Она шла к двери, не замедляя шага. Важнее всего сейчас была уверенность. Секундное колебание напомнит лакеям, стоящим слева и справа от дверей, что ей можно просто не открыть. Если это случится, наступательный марш будет прерван. Придется сесть в одно из кресел, обитых плюшем, и кто-нибудь явится и сообщит, что посол, увы, занят, но его секретарь сможет ее принять через два часа, и она выразит протест, а лакей прохладно ответит, что сожалеет, и она повысит голос, а лакей равнодушно повторит, что сожалеет, и она повысит голос еще больше, и прибегут еще лакеи, и она будет уже не королевой, а старухой, скандалящей в зале ожидания.

Потому осечка была недопустима. Шанс был только один. Нужно было двигаться так, будто никакой двери нет, не замедляя шага, так, чтобы с размаха удариться о дверь, если ее не откроют, а так как Квадт следовала за ней, то она неминуемо врезалась бы в таком случае в ее спину, и позор этой сцены был бы невыносим — именно поэтому они и должны были ей открыть. В этом и был весь фокус.

И он удался. Ошарашенные лакеи ухватились за дверные ручки и раздвинули перед ней тяжелые створки. Лиз вошла в аудиенц-зал. Здесь она обернулась и подала камеристке знак дальше за ней не идти. Это было необычно, королевы не наносили визитов без свиты. Но и ситуация не была обычной. Фройляйн фон Квадт остановилась в изумлении, и лакеи закрыли перед ней двери.

Зал казался огромным. Может быть, дело было в хитроумно расставленных зеркалах, а может быть, постарались придворные маги из Вены. Во всяком случае, покои были на вид столь пространны, что трудно было понять, как они поместились в доме. Они простирались вдаль, как во дворце, и море ковров отделяло Лиз от письменного стола. Еще дальше были раздвинуты тяжелые шелковые завесы, и видна была анфилада комнат, и там тоже ковры, тоже золотые подсвечники, тоже люстры и картины.

Из-за стола поднялся невысокий господин с седой бородкой, до того неприметный, что Лиз не сразу его разглядела. Он снял шляпу и отвесил придворный поклон.

— Добро пожаловать, — сказал он. — Надеюсь, мадам, путешествие было не обременительно?

— Я — Елизавета, королева…

— Простите, что смею перебивать, но лишь для того, чтобы высочество зря себя не утруждали. Объяснения излишни, я в курсе дела.

Ей понадобилось несколько мгновений, чтобы понять смысл сказанного.
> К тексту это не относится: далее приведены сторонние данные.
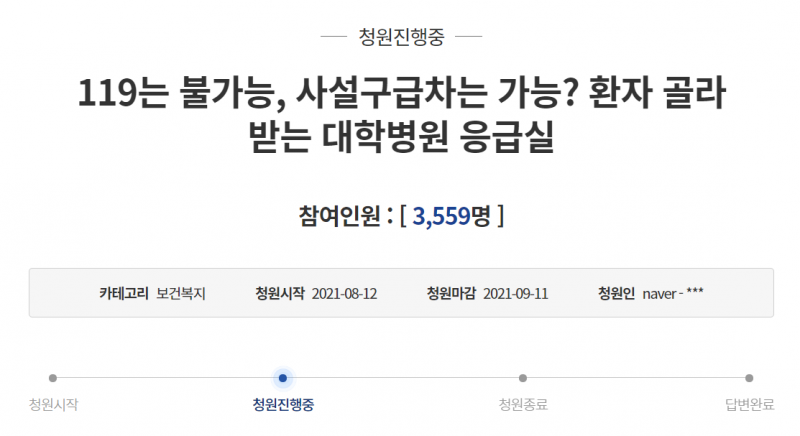 최근 청와대 국민청원 게시판에는 ‘119는 불가능, 사설구급차는 가능? 환자 골라받는 대학병원 응급실’이라는 제목의 청원글이 게재됐다.
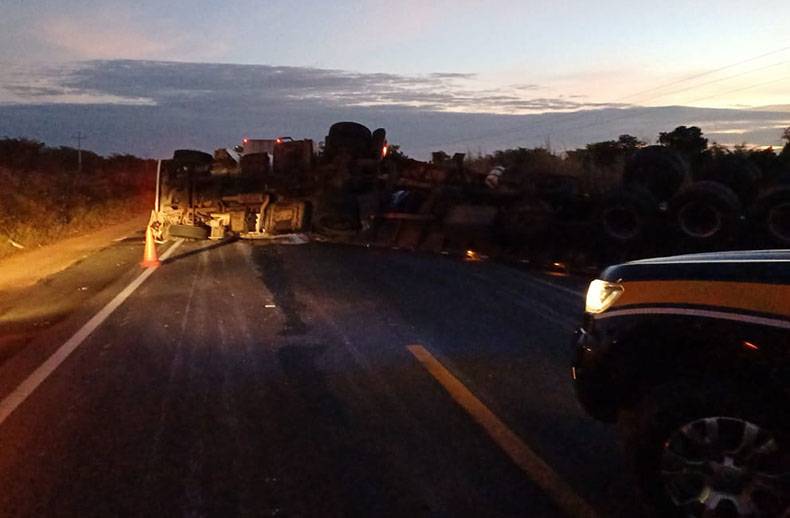 Carreta tomba e interdita dois sentidos do trecho da BR-316 em Valença do Piauí
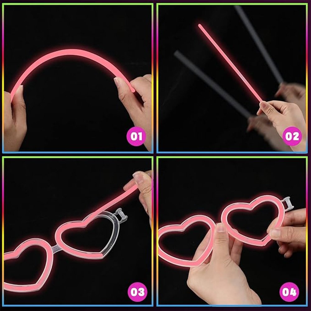- Lengva surinkimo sistema: akinių forma ir rėmas sukuriami jungiant šviečiančias lazdeles. Tai paprastas ir smagus procesas, kuris leis jums sukurti unikalius, asmeniškus akinius per kelias minutes.
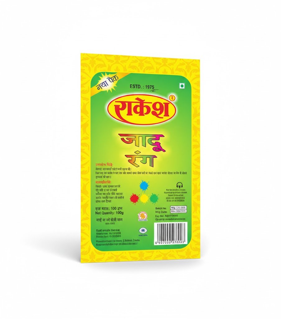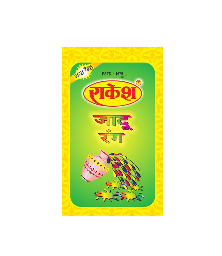 Rakesh Jadu Rang is presented in an attractive, bright green and yellow package, symbolizing energy and joy.
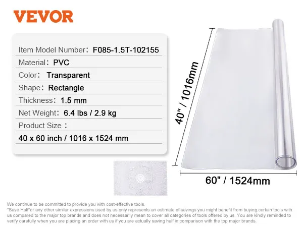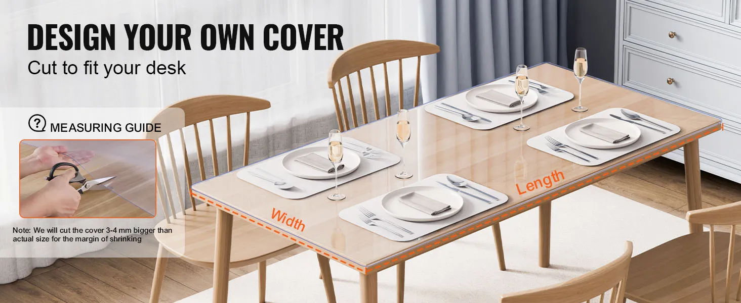 Discover our wide range of clear table cover protector, available in various sizes and shapes to suit your needs. And if you require a custom fit, easily trim the cover with scissors. Plus, our covers are intentionally cut slightly larger than the actual size to prevent physical shrinkage.

Она набрала воздуха, чтобы спросить, откуда он знает, кто она, но он снова ее опередил.

— Оттуда, мадам, что мне по роду занятий надлежит знать, что происходит. Задача же моя в том, чтобы понимать суть происходящего.

Она нахмурилась. Ей стало жарко, частично из-за меховой мантии, частично из-за непривычки к тому, чтобы ее перебивали. Он стоял перед ней, наклонившись вперед, держа одну руку на столе, другую за спиной, будто его одолело люмбаго. Она быстрым шагом направилась к одному из стульев перед письменным столом. Но комната была так велика и стул так далек, что ей, как во сне, было до него еще идти и идти.

То, что он назвал ее высочеством, означало признание в ней потомка английской королевской семьи — но он не обращался к ней как к королеве Богемии, не называл ее «ваше величество»; даже курфюрстиной он ее не признавал, иначе говорил бы «ваша светлость» — дома, в Англии, это означало бы мало, но здесь, в империи, стоило больше, чем статус королевского отпрыска. И так как человек этот явно знал свое дело, было крайне важно сесть до того, как он ей это предложит, ибо в то время, как он, разумеется, был обязан предложить принцессе садиться, то в случае королевы он, напротив, не имел на это права. Монархи садятся без приглашения, где им вздумается, а все прочие стоят, пока монарх не дозволит им сесть.